第51章 分别后会有期
停灵九日后,孝文太后被风风光光地送到了邙山北,封土一堆,一个朝代彻底落了幕。
同日,纪太后亲女青阳侯拜见皇帝,自请褫夺封地,只以布
衣之身,为母守孝,彼时,姜姮也在崇德殿内。
纪含笑做足了姿态,虽不算声泪俱下,但言语诚恳,面容真挚。
皇帝见了,也跟着缅怀了一下纪太后:“这些时日,朕总会想起母后的音容笑貌,想她也是记挂着你的。”
随后,他应允了纪含笑的请求,但还给她留了爵位。
“人们向来捧高踩低,你身上留个侯位,也能免去许多麻烦事。”
“长兄如父,青阳侯若今后遇到难事,只管来寻朕,朕自会为你做主。”
“多谢陛下。”纪含笑行礼,一个很标准的礼,并无谄媚之意,只有端雅清贵之态。
皇帝眼下有乌青,是这两日率领群臣祭拜、守灵留下的疲倦痕迹,他让纪含笑起身,又赐座。
二人又交谈了几句,有彼此关心叮嘱的话,也有一同怀念孝文太后的语句。
像是一对极其亲密的兄妹般。
姜姮冷眼旁观着,没有附和,懒得搭腔。
片刻过后,皇帝挥了挥手,表示要去歇息,让姜姮尽地主之谊,将这位小姑姑送出宫门。
姜姮应道,又与纪含笑双双跪安,二人一道离开崇德殿。
二人走了一段路,停在了宫道上。
姜姮掀起眼,嘴角一扬,露出一个温和的笑意,声音却是冷淡的,她问:“纪含笑,你是存心与我作对吗?”
“何出此言。”纪含笑平静。
姜恒蹙眉,像是无辜极了:“你该清楚,老娘娘本来就活不久,她的死,和我无关。”
在冷冰冰的权利争斗中讲温情,本就是极其荒谬的事。
“我知道。”纪含笑面不改色。
“就是嘛,如果说,是因为老娘娘骤然离世,你就记恨上了我,我才不信呢。”姜姮接着问,“所以,你为何要与我作对。”
纪含笑抬起眼,直直注视她。
姜姮收敛了笑意,眸光冷淡。
距离纪太后离世,已过去了八日。
八日不长不短,足以让天下人都知道丧讯,也能够削减皇帝对纪太后暴毙突然的疑心,此时再由人提出,让姜濬回长安城守孝一事,正是名正言顺,合情合理。

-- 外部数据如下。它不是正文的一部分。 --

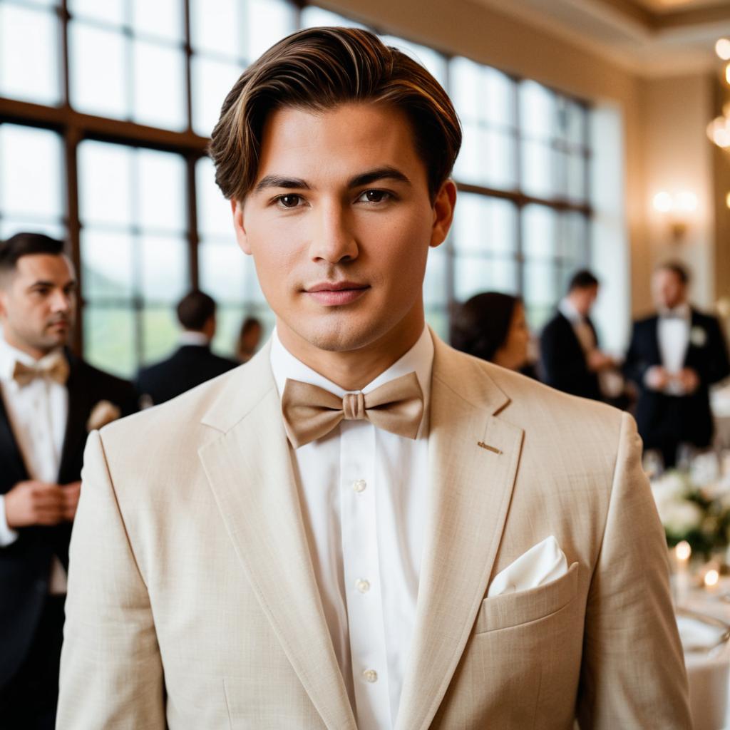 Portrait of a young man with light skin and short brown hair wearing a beige suit, white dress shirt, brown bow tie, and white pocket square, standing in an elegant indoor venue with large windows and warm lighting. Formal event atmosphere with blurred guests in the background.

但纪含笑却提出了离去,说是去邙山脚下为孝文太后守墓。
邙山离长安城近百里,虽与真正的荒郊野岭相去甚远,但地偏人稀,绝对算不上一个好去处。
守墓祭灵更是一件苦差事,整日早起,跪地诵经。
纪含笑此言一出,天下谁人不识君,皆称她至孝。
姜濬若是要“孝顺”要缅怀先母,也只能跟着纪含笑行事,学她的做派。
姜姮自然不愿。
她想借“孝”一个字,让姜濬从代地回到长安城,那是她想见他。
但让他真的做一个孝子,跟着纪含笑,去看守着那个装着死人的土堆,姜姮心中是千万个不情不愿。
“纪含笑,他是你亲弟弟,我记得,他对你也一直友善。”姜姮半是不解半是气愤,冷冷道,“你不能念着他一点好吗?”
姜姮记性好,又是有意回忆,很顺利地想起了不少往事。
她絮絮叨叨将这些事提起,很有条理,不失逻辑。
对于纪家而言,纪含笑这个外孙女的存在实在尴尬——身为皇后、太后,为人津津乐道的风流韵事是一把刀,会随时成为政敌用来攻击的兵器,而纪含笑是靶子。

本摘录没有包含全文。